## TO DO
I would like the lines below, from the one with "На четырёхчасовом графике" through the one with "Όπως μετέδωσε το", copied exactly and without any pictures.

## INFORMATION
● ● ●

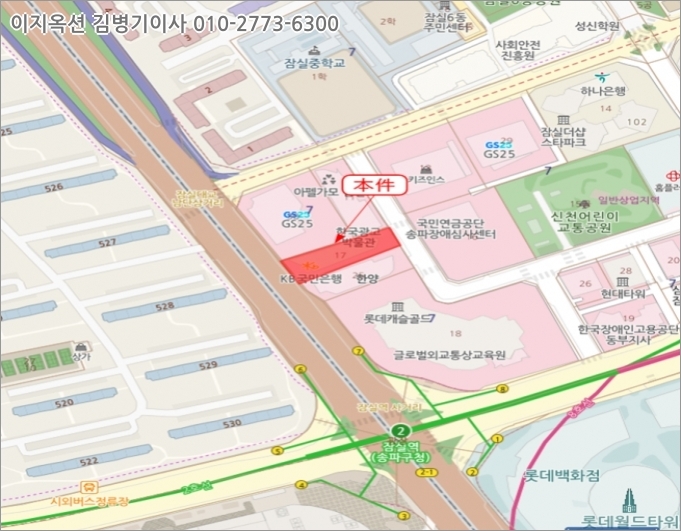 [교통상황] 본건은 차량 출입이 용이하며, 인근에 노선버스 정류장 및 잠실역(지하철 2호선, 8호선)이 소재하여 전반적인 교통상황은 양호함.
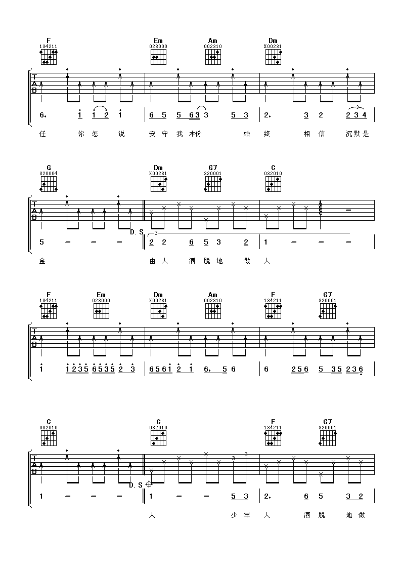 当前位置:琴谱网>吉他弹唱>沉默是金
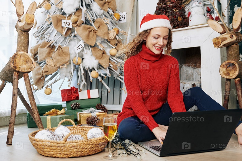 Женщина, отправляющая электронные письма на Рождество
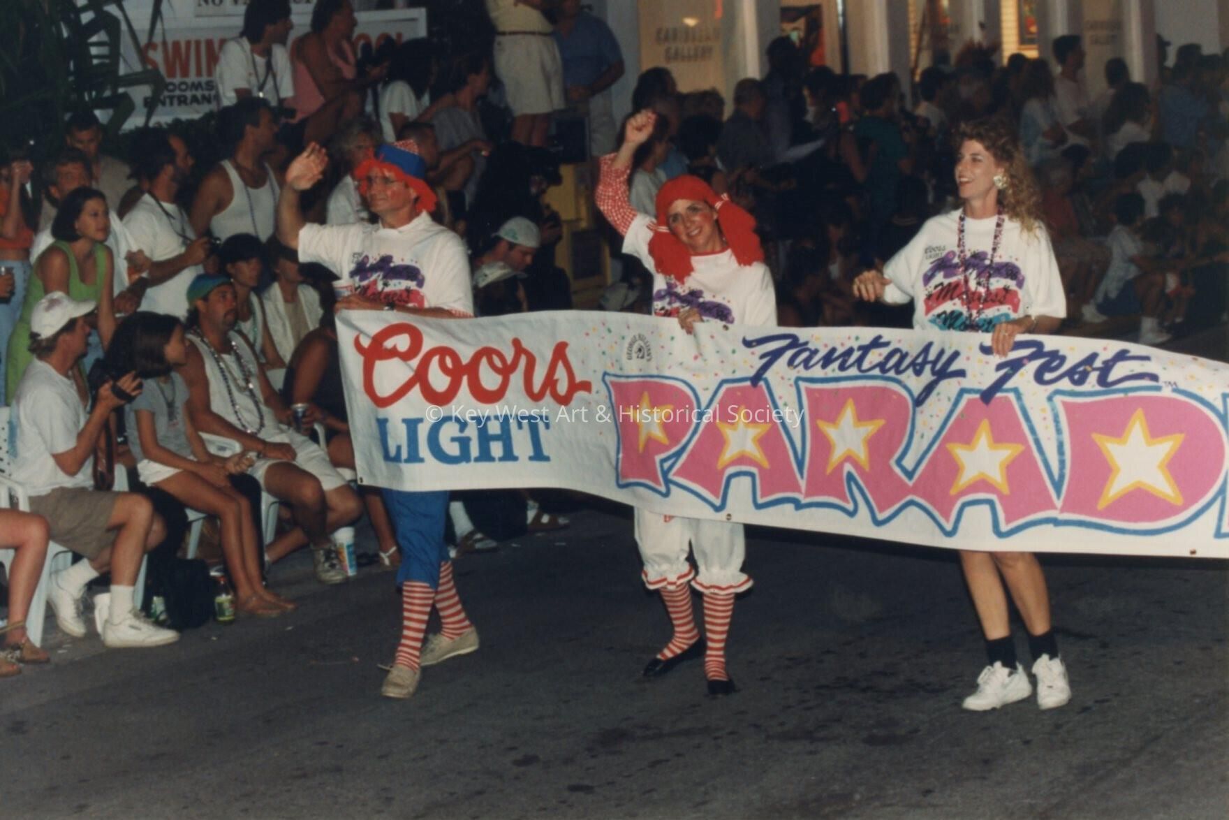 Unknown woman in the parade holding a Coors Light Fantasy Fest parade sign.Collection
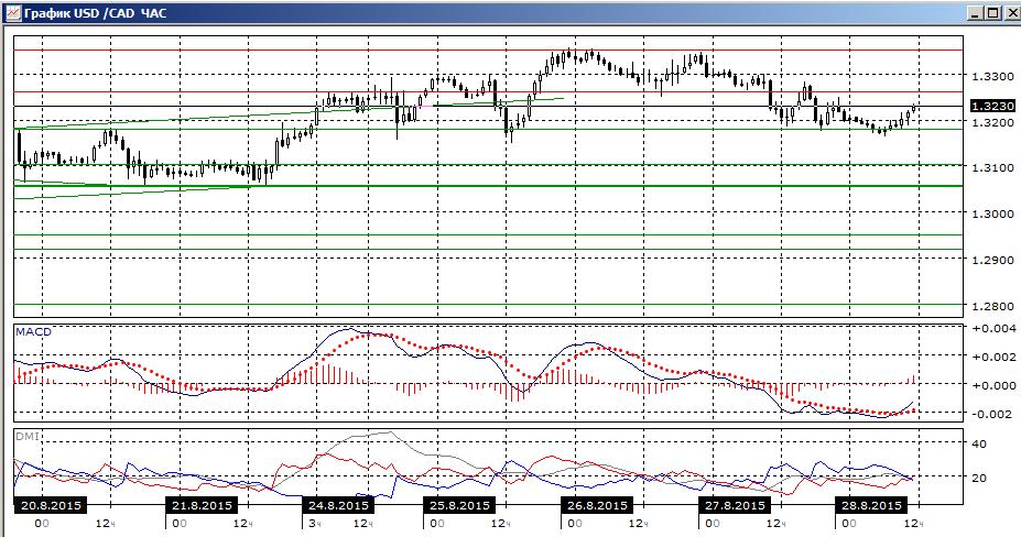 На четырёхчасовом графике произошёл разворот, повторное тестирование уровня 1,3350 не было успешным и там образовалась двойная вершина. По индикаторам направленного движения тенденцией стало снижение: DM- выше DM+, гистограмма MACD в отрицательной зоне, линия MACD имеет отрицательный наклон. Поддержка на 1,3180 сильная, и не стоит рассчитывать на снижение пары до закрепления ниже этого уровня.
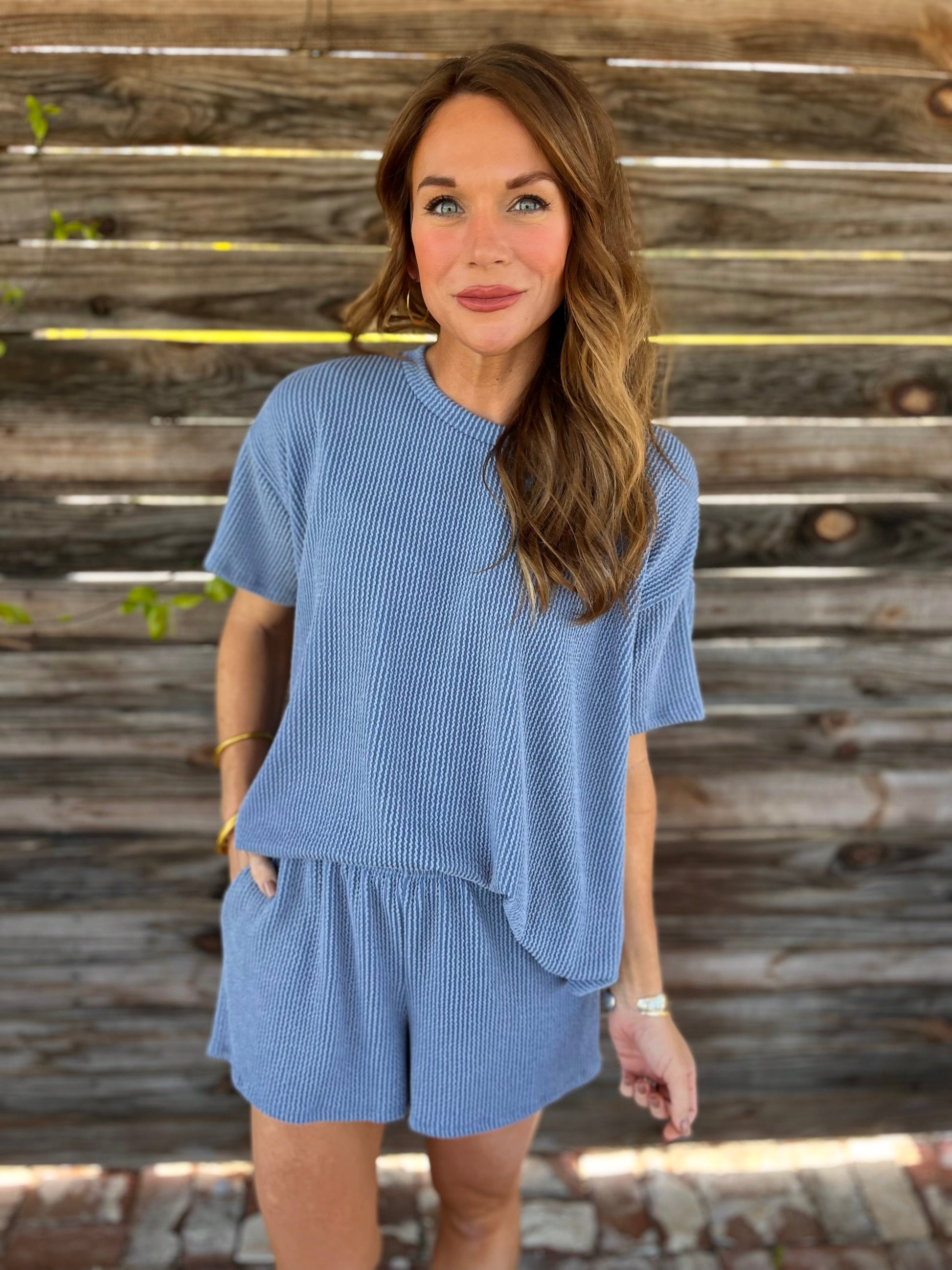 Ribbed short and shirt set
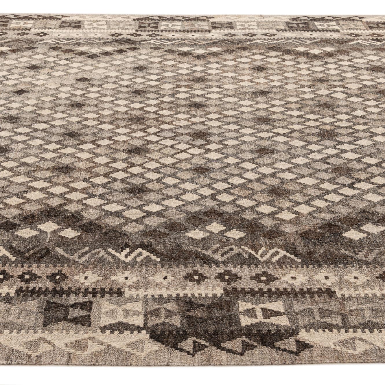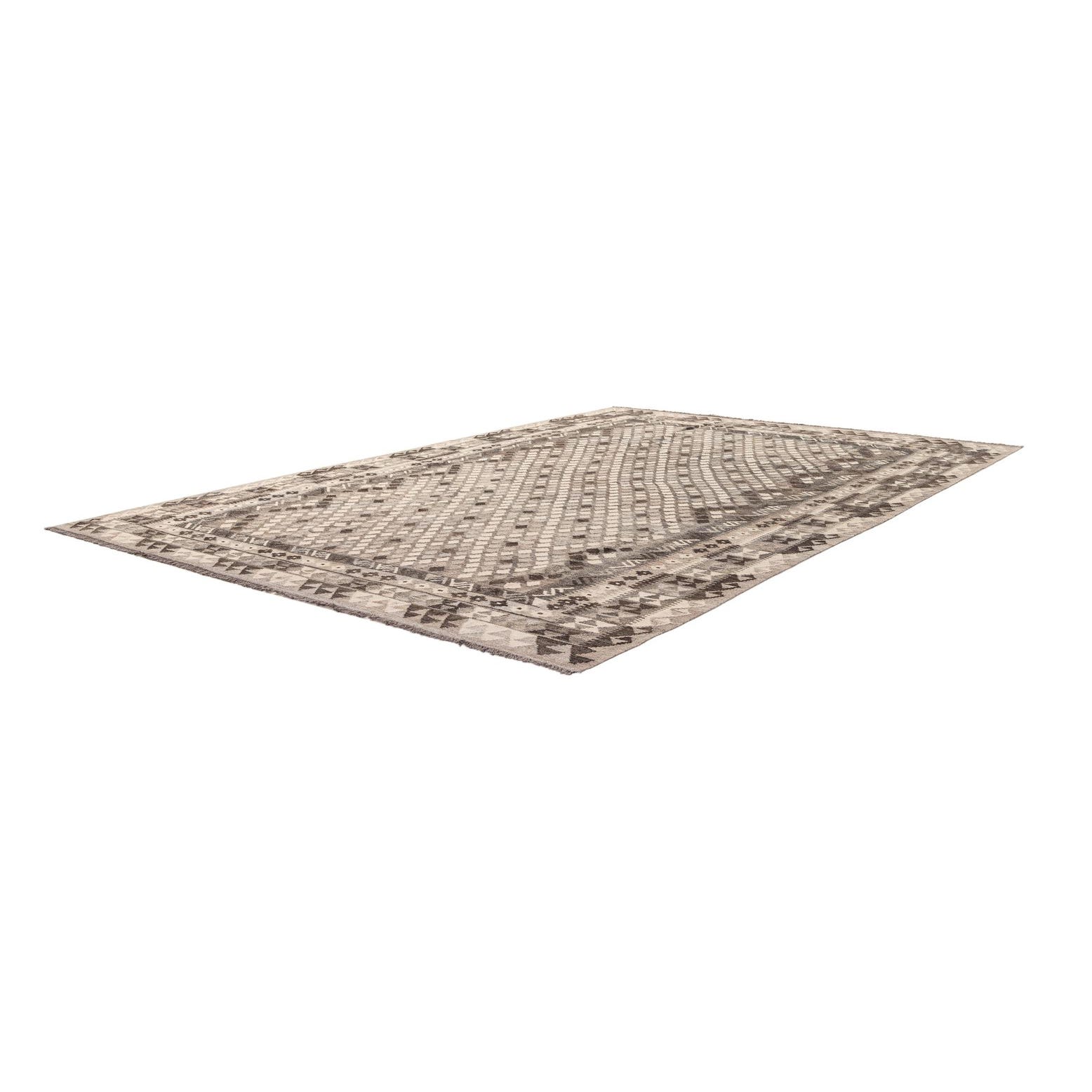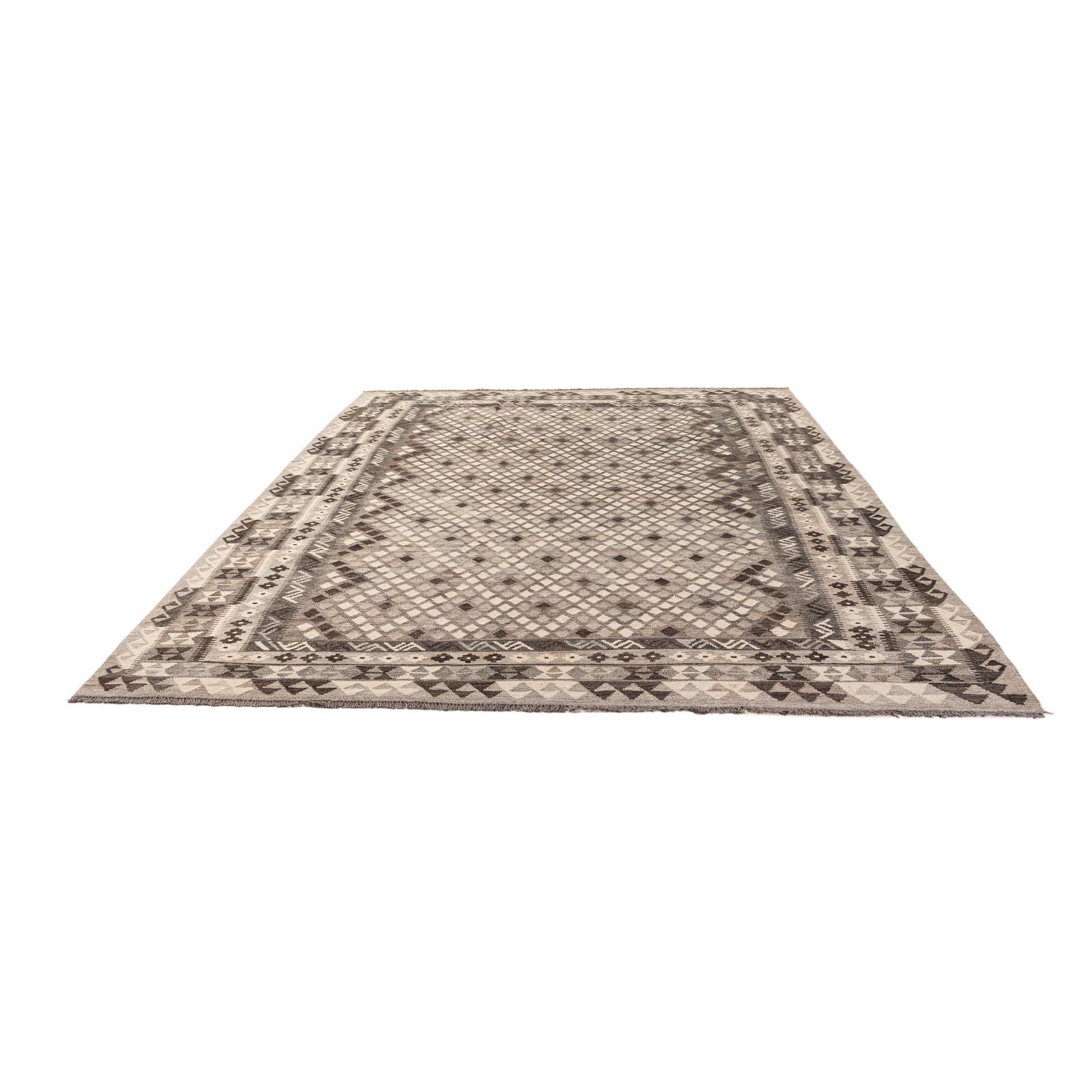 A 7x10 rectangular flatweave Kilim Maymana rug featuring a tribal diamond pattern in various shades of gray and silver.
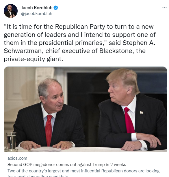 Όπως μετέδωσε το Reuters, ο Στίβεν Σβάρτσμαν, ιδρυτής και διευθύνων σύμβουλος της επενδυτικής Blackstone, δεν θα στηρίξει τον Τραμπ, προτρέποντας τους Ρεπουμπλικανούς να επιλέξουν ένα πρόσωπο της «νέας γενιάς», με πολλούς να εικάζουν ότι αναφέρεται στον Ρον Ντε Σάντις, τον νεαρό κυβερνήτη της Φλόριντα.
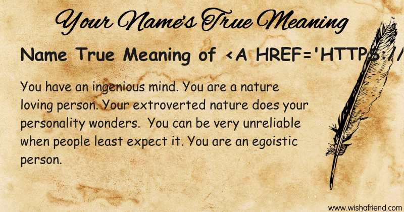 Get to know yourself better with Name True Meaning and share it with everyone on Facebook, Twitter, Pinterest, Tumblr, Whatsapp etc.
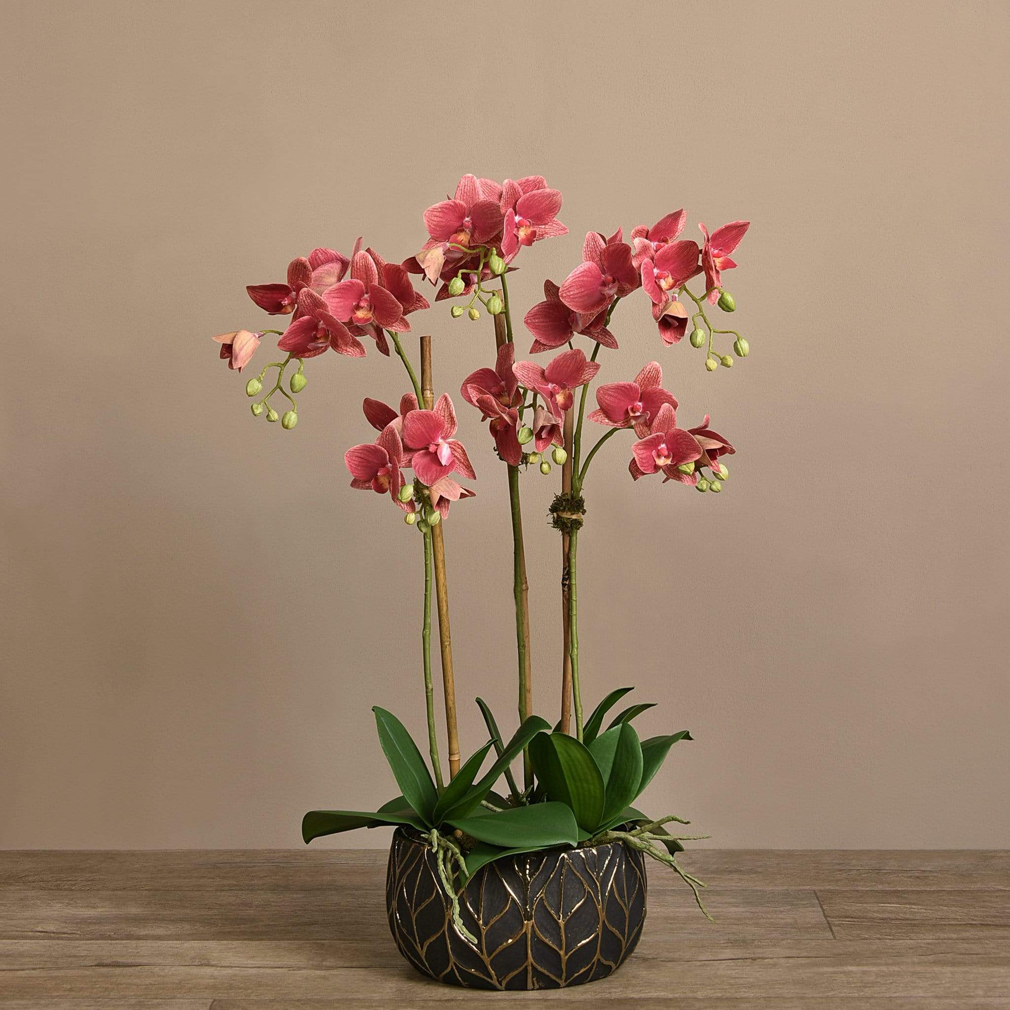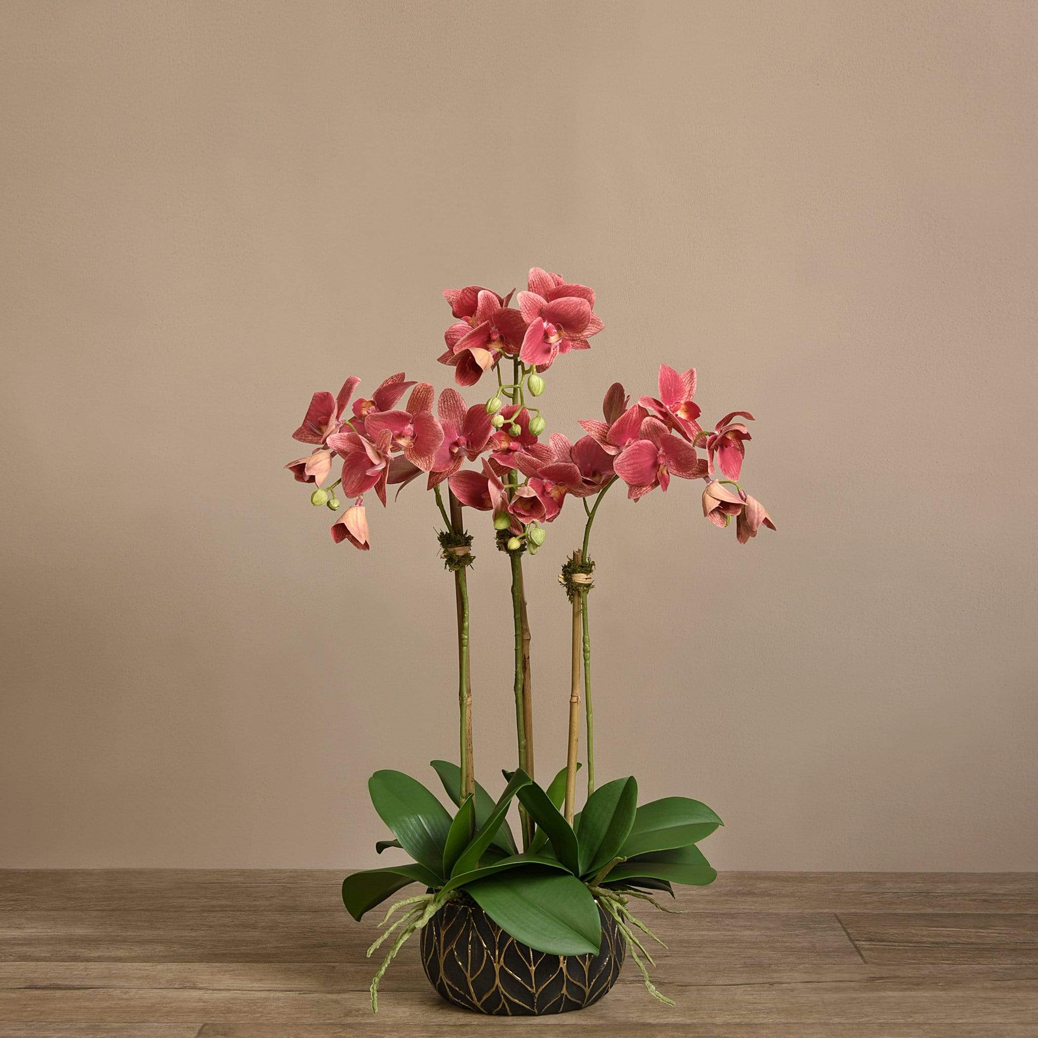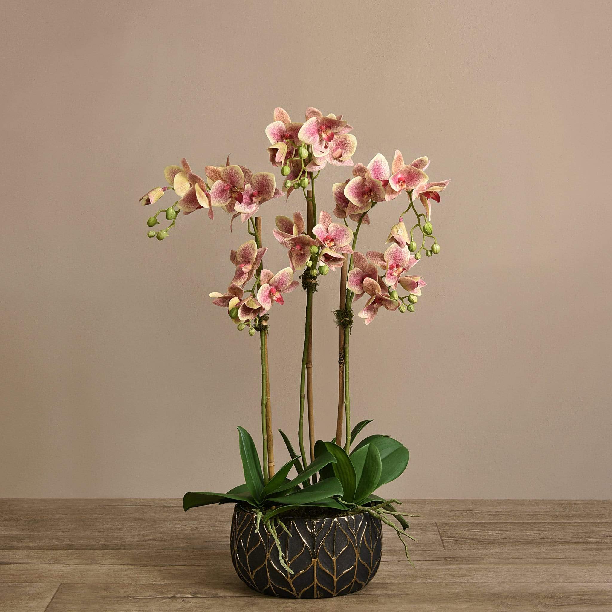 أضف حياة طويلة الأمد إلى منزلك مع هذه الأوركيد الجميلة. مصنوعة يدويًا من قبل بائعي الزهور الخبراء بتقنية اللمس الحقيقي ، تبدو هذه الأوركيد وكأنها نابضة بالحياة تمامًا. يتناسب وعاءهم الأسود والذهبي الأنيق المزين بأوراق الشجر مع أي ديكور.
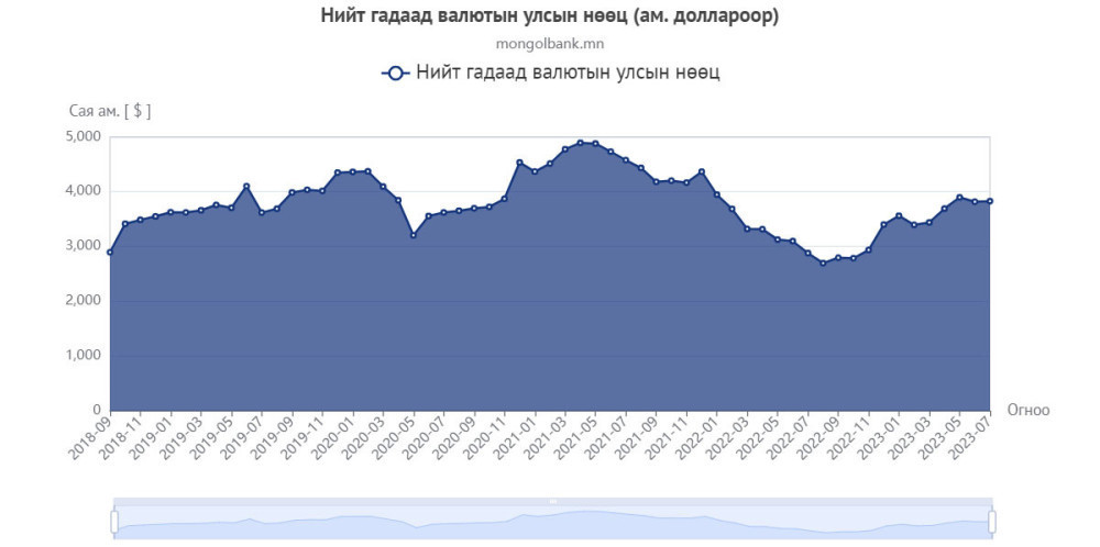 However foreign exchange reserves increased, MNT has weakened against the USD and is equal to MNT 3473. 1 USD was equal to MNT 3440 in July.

● ● ●

## ANSWER BOX
 На четырёхчасовом графике произошёл разворот, повторное тестирование уровня 1,3350 не было успешным и там образовалась двойная вершина. По индикаторам направленного движения тенденцией стало снижение: DM- выше DM+, гистограмма MACD в отрицательной зоне, линия MACD имеет отрицательный наклон. Поддержка на 1,3180 сильная, и не стоит рассчитывать на снижение пары до закрепления ниже этого уровня.
 Ribbed short and shirt set
 A 7x10 rectangular flatweave Kilim Maymana rug featuring a tribal diamond pattern in various shades of gray and silver.
 Όπως μετέδωσε το Reuters, ο Στίβεν Σβάρτσμαν, ιδρυτής και διευθύνων σύμβουλος της επενδυτικής Blackstone, δεν θα στηρίξει τον Τραμπ, προτρέποντας τους Ρεπουμπλικανούς να επιλέξουν ένα πρόσωπο της «νέας γενιάς», με πολλούς να εικάζουν ότι αναφέρεται στον Ρον Ντε Σάντις, τον νεαρό κυβερνήτη της Φλόριντα.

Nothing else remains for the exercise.